Currently the player gains hunger at a constant rate regardless of activity. They gain 288 units of hunger per day. This seems to have been intended to be approximately 2880 k-calories per day. This is a good average value for someone who exercises a lot every day. For reference, soldiers marching are allotted around 3500 k-calories per day. In Cataclysm, I personally find that 2880 k-calories per day isn't accurate. In most cases, at least for me, I'm either camping in my base, where I should be at my resting metabolic rate, close to 1900 k-calories, or running and fighting where I should be expending more energy than 2880 k-calories. Also, even with this value in consideration, the amount of food required often seems wrong. For example, Pizzas are about 20% less calorie value than they should be. Soft-drinks should be about 130 k-calories, but are only 30 k-calories.
This proposal has two main parts to it.
First, adjust the value of all food & drink in the game to match their real world values for nutrition, so that the nutrition value = k-calories. Currently they're kind of off this, at 1 nutrition kind of = 10 k-calories, but its off by a lot on a lot of foods. This will allow future modders to use real world data sources as an oracle to get values for new foods and drinks.

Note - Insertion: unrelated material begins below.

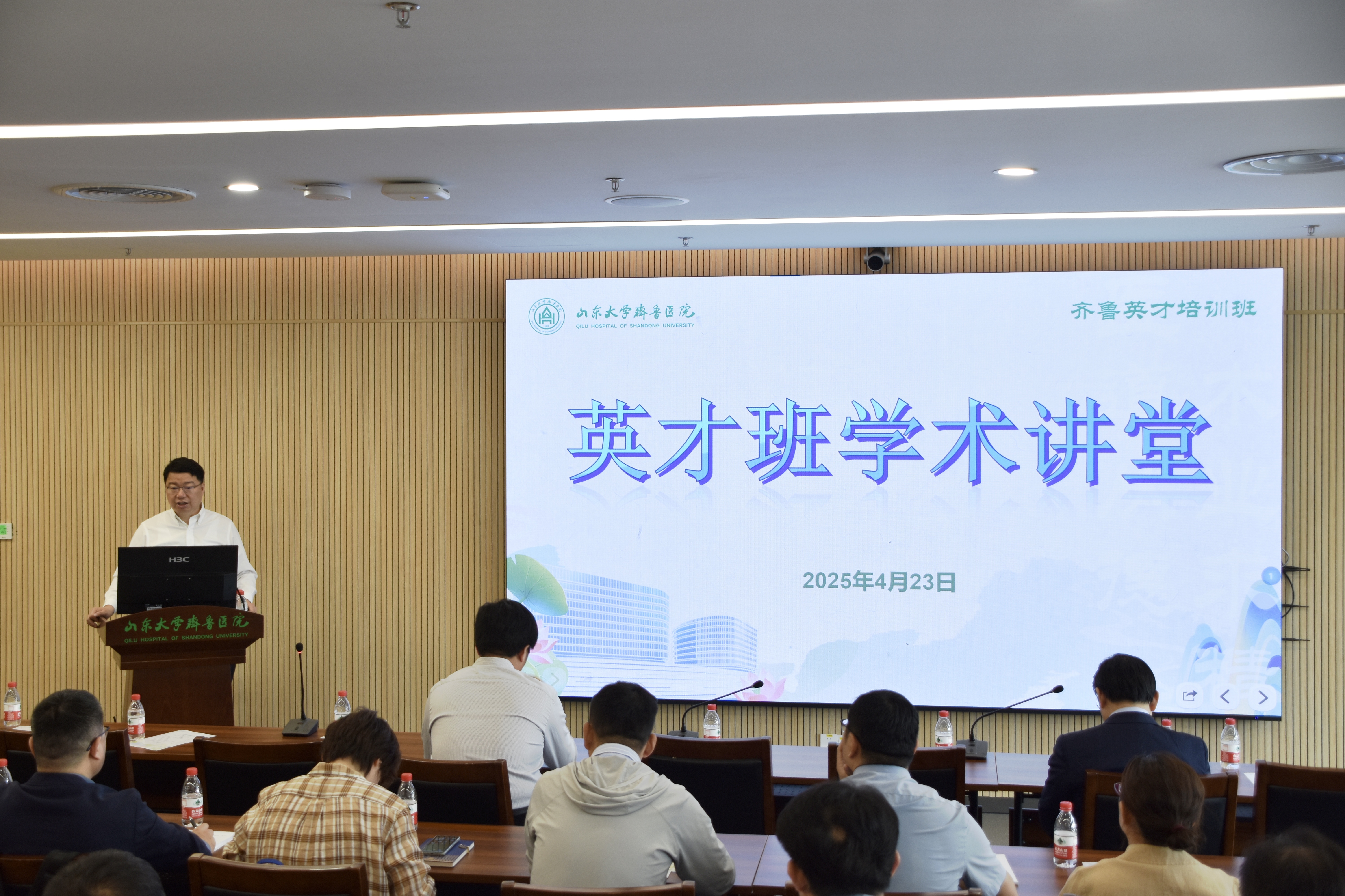 【本站讯】4月23日, “齐鲁英才班”学术讲堂在齐鲁楼2层会议中心举办。绿帽社 副院长韩辉、党委副书记张欣平出席会议并讲话。供应处处长兼肝病科副主任范玉琛,消化科主任左秀丽,感染性疾病科副主任王刚,骨科副主任程雷出席会议并授课。会议由医务处处长任洪波、副处长李斌主持。

Second, currently, the player always gains hunger at constant rate regardless of activity. Instead, the player should gain hunger based on their activity. Currently:
hunger_gain_per_hour = 12
The goal is to replace it with something like:
hunger_gain_per_hour = 6+ (moved * 2) + (((1-stamina) * 9)
This way, simply sitting in your base will save a lot food. Moving around as an explorer will be a bit more expensive. Lastly, if you're running/or fighting such that you're down on stamina, that will cost you more hunger. This is much more realistic, but also makes waiting less tedious while allowing combat to remain dynamic.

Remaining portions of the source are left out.